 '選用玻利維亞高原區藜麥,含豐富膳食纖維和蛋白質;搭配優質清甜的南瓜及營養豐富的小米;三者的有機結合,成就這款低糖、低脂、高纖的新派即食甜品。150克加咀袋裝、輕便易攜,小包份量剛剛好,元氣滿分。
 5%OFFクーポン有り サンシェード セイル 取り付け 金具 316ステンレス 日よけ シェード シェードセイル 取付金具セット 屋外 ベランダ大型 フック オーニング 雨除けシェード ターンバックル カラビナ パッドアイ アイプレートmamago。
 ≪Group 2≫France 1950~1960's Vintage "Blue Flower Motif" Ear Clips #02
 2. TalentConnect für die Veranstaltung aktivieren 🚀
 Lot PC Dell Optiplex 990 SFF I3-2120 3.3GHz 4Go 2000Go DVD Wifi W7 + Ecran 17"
- - - -
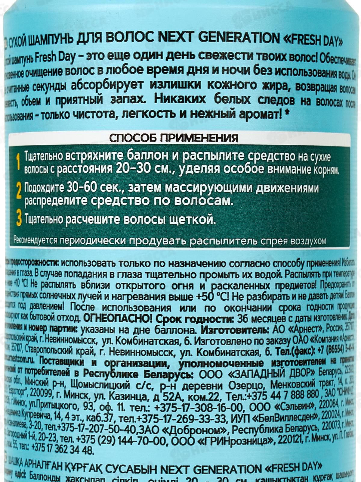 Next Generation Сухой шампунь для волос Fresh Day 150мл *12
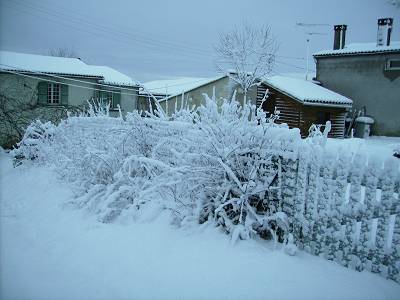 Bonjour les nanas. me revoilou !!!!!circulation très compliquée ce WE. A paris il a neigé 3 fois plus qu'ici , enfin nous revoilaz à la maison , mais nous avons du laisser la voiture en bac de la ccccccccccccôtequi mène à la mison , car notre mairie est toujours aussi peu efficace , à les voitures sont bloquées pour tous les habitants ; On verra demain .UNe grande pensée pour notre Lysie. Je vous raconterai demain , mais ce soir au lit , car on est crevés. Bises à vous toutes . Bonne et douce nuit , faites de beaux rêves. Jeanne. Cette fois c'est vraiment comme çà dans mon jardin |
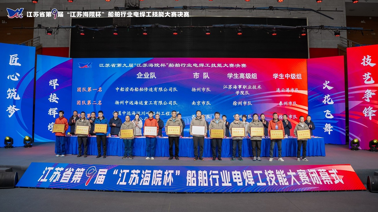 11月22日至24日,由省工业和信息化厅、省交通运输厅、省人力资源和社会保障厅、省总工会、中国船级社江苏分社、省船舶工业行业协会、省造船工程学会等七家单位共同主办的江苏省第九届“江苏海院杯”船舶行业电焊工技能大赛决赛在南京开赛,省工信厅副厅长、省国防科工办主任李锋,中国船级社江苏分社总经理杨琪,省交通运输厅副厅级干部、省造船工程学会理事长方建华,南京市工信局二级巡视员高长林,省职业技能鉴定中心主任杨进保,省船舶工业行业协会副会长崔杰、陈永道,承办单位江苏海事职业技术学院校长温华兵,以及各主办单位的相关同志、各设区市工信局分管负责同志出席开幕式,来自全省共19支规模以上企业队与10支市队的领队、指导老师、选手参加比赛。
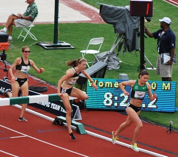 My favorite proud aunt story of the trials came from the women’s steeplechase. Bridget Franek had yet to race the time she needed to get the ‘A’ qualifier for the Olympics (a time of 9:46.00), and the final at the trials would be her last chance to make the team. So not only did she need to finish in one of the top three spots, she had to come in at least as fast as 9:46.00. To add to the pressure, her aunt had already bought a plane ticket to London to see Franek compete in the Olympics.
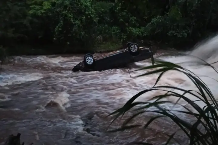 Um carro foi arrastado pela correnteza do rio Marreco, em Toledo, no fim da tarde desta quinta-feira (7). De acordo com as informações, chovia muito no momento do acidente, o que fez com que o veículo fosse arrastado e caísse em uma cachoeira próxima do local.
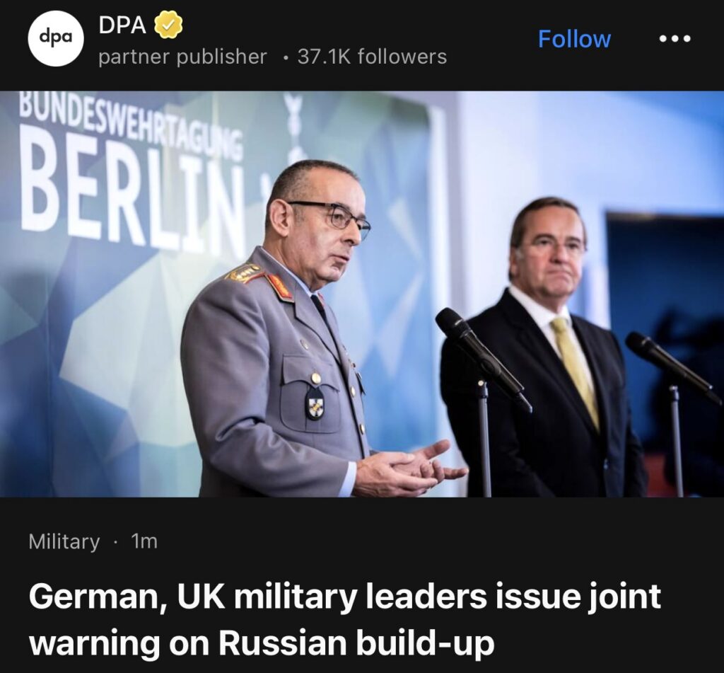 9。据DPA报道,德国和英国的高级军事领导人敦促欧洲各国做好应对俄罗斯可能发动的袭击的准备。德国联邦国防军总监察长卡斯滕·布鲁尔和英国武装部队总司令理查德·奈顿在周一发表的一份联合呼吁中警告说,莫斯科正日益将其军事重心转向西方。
- - - -
Starting with the line above that holds "Ear Clips #02" and stopping with the line that holds "Lot PC Dell", reproduce each line exactly, omitting all other lines.

 ≪Group 2≫France 1950~1960's Vintage "Blue Flower Motif" Ear Clips #02
 2. TalentConnect für die Veranstaltung aktivieren 🚀
 Lot PC Dell Optiplex 990 SFF I3-2120 3.3GHz 4Go 2000Go DVD Wifi W7 + Ecran 17"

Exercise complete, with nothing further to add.